I'm not sure if I'm under the right subject for this, but has anyone had any problems with using ventless heaters and having mold growth? We recently built on an addition to our home and installed a ventless propane heater. This winter we have had a lot of mold growth around our baseboards and under our windowsills. I thought at first it was due to improper insulating on our part, but I have seen several articles on how ventless heaters have caused high humidity levels causing mold growth. Any help on how to get rid of this mold and possibly suggestions for a different heating source would be greatly appreciated. Thanks to everyone for reading!


----------



## Randy Rooster (Dec 14, 2004)

I had the same problem at my old house several years ago. Removed the old vented propane heater and put in a ventless model. Propane relases huge amoounts of water vapor when burned. The only solution is to either replace with a vented heater or use another heat source as your primary heat ( or possibly run a dehumidifier).

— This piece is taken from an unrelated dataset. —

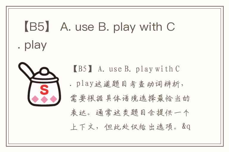 这道题目考查动词辨析,需要根据具体语境选择最恰当的表达。通常这类题目会提供一个上下文,但此处仅给出选项。"use"强调工具性使用,"play with"侧重玩耍或随意摆弄,"play"作为及物动词时可接球类、乐器等表示进行某项活动。若语境涉及具体活动如球类(play basketball),选C;若强调使用物品(use a tool),选A;若表示玩耍某物(play with a toy),选B。具体答案需结合完整句子判断,但从常见用法来看,若指进行某项运动或活动,C. play 是最可能的正确答案。
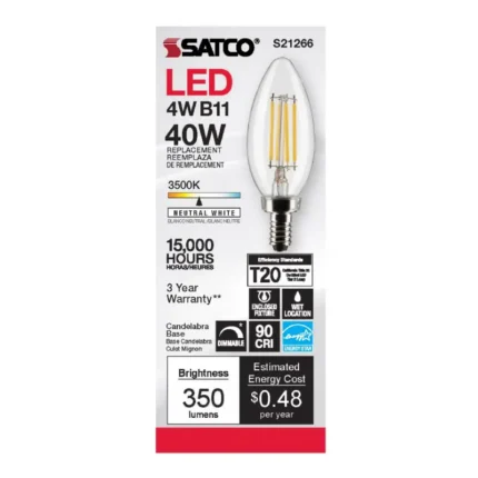 Satco S21364 8 Watt ST19 LED; Clear; Medium base; 90 CRI; 3000K; 120 Volt

We ended up using one of the radiator type electric heaters as the primary source of heat and only running the propane when absolutely need- It helped a lot.


----------



## Dark AK (Jan 1, 2007)

I think we are going to go with a electric wall heater and use the ventless as a backup the rest of the house is fine.We have major mold in the room were the heater is and I have been haveing sinus trouble this year and I never before Now I just have to figure out how to remove the mold


----------



## Sabrina67 (Mar 24, 2008)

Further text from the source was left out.